:: Data segment

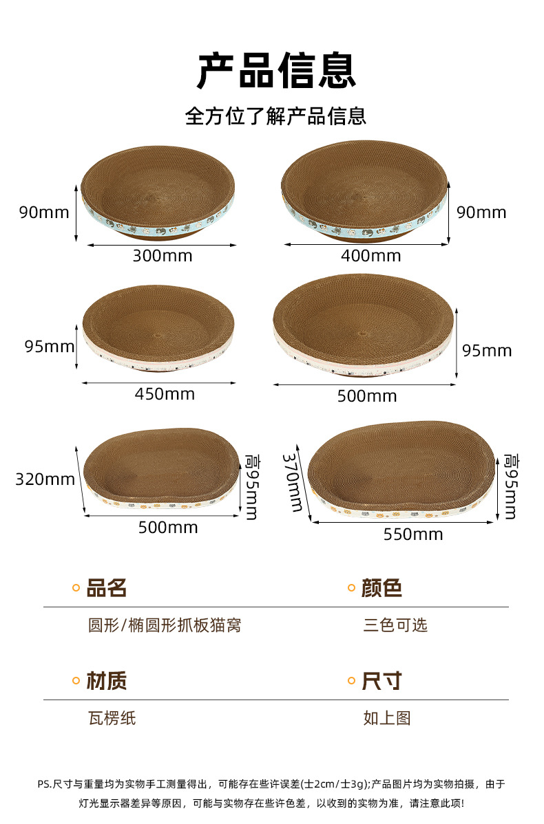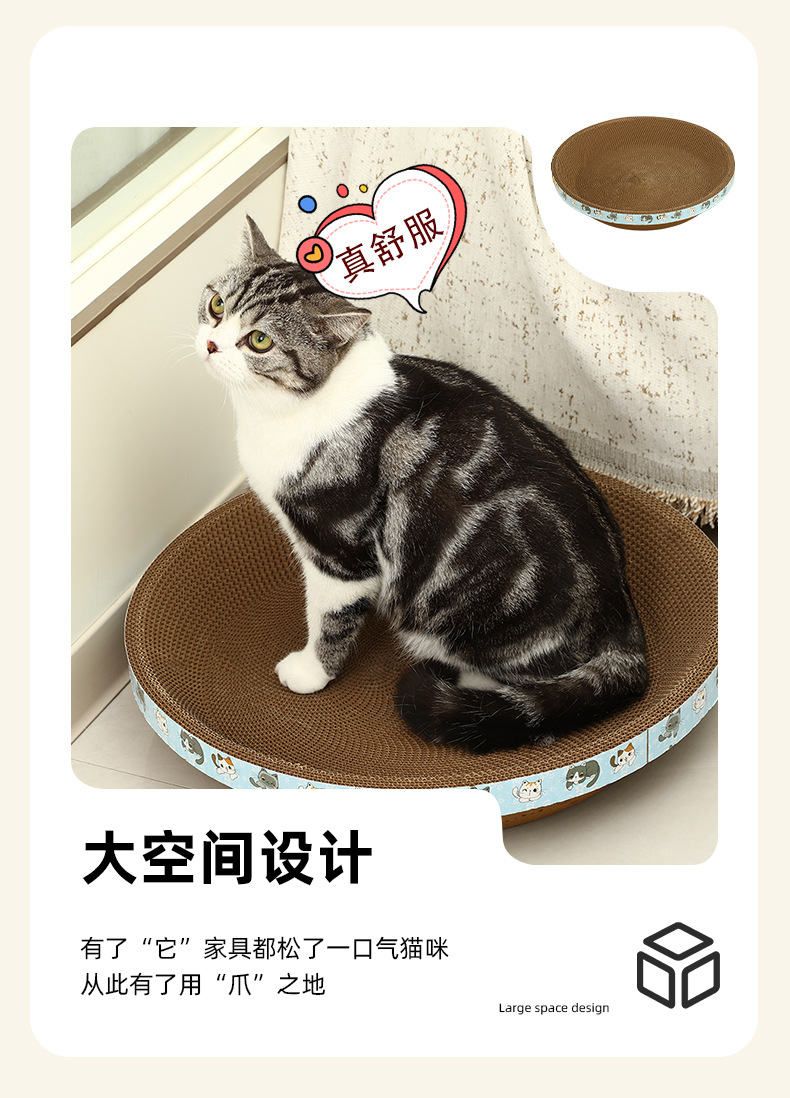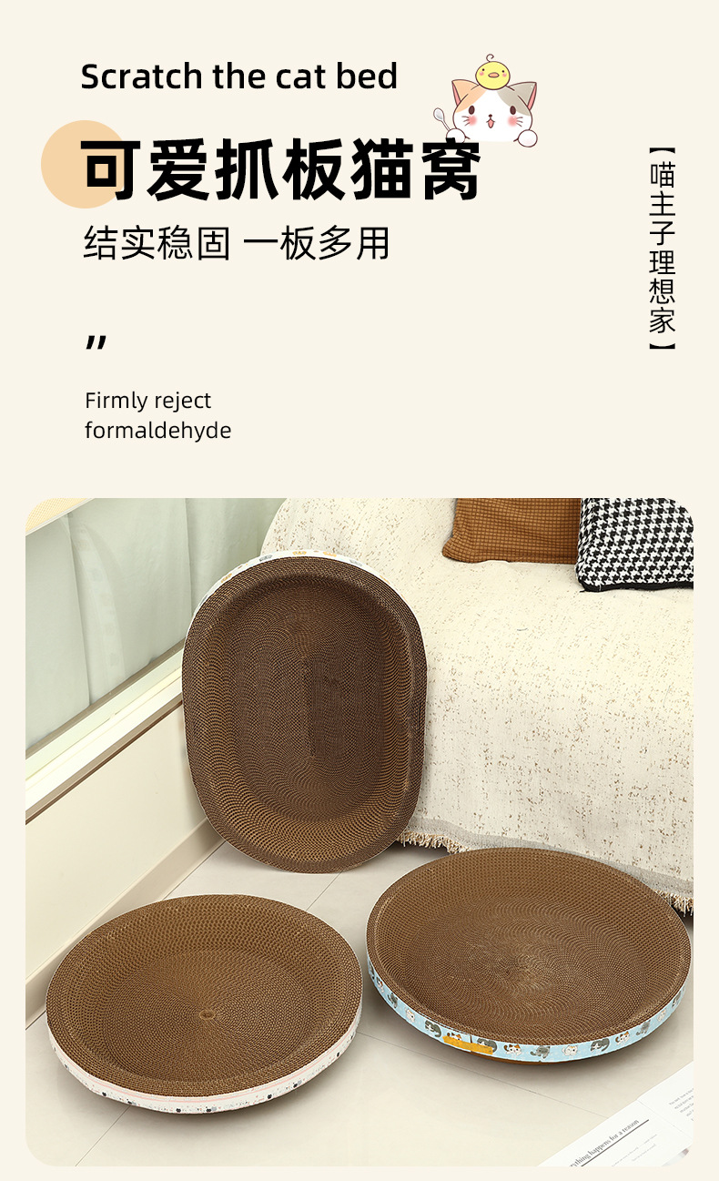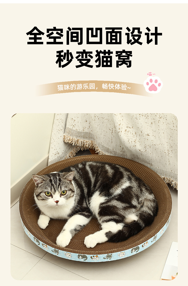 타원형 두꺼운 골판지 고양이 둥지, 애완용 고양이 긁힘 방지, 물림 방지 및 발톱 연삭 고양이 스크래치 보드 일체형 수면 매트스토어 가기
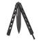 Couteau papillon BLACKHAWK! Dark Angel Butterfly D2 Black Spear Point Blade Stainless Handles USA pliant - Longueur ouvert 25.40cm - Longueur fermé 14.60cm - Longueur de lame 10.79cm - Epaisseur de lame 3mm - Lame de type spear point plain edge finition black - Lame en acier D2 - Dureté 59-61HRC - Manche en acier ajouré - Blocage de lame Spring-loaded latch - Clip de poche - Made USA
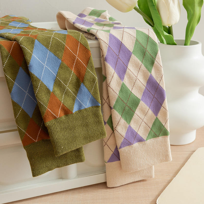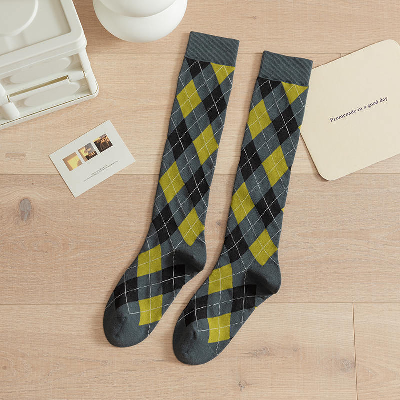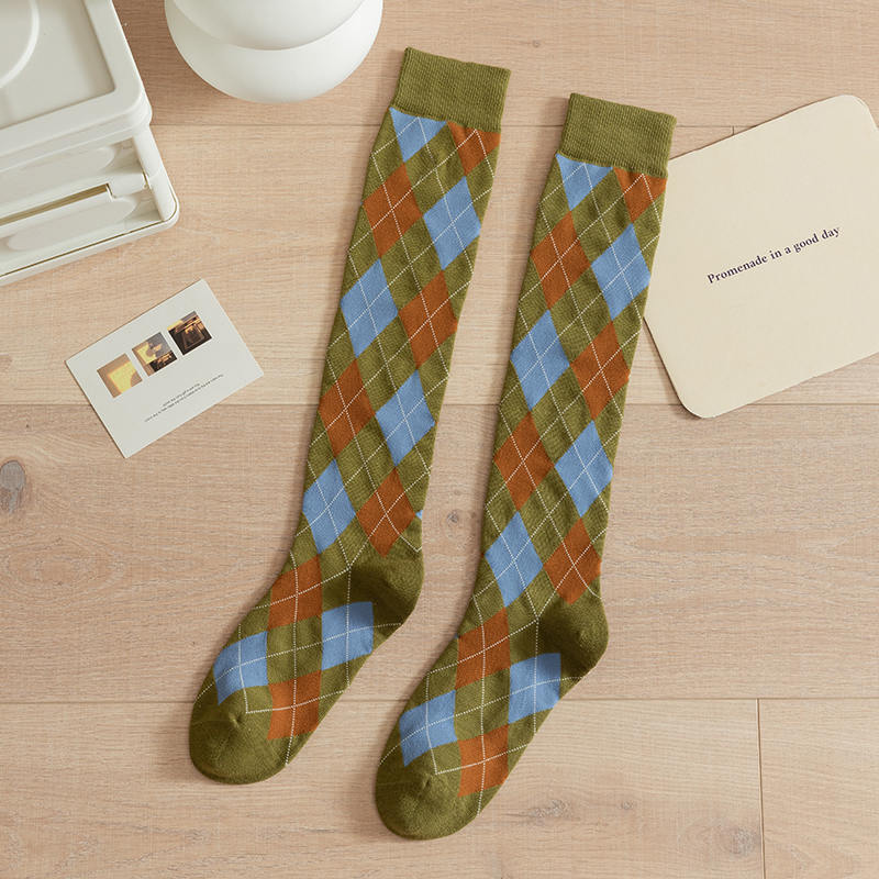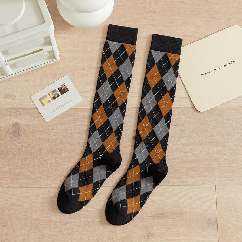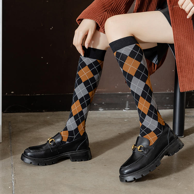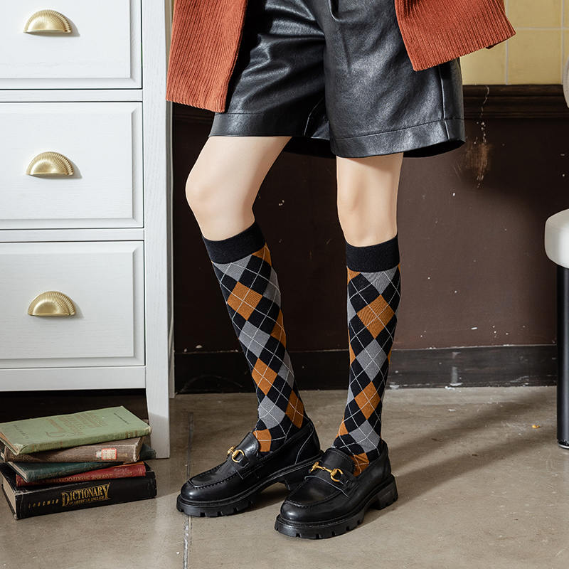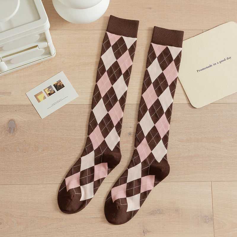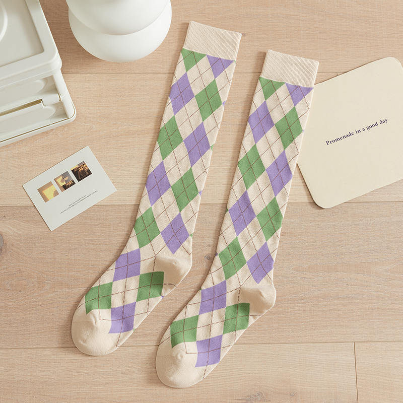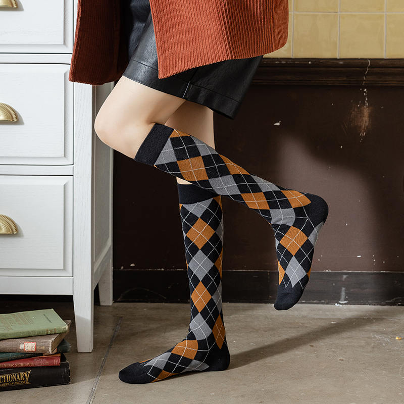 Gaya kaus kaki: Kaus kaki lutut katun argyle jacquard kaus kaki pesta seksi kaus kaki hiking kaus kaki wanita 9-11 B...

::::

§ **Exercise objective**: Every line above goes into the copy unchanged; the pictures do not.

§ **Task solution**:
 타원형 두꺼운 골판지 고양이 둥지, 애완용 고양이 긁힘 방지, 물림 방지 및 발톱 연삭 고양이 스크래치 보드 일체형 수면 매트스토어 가기
 Couteau papillon BLACKHAWK! Dark Angel Butterfly D2 Black Spear Point Blade Stainless Handles USA pliant - Longueur ouvert 25.40cm - Longueur fermé 14.60cm - Longueur de lame 10.79cm - Epaisseur de lame 3mm - Lame de type spear point plain edge finition black - Lame en acier D2 - Dureté 59-61HRC - Manche en acier ajouré - Blocage de lame Spring-loaded latch - Clip de poche - Made USA
 Gaya kaus kaki: Kaus kaki lutut katun argyle jacquard kaus kaki pesta seksi kaus kaki hiking kaus kaki wanita 9-11 B...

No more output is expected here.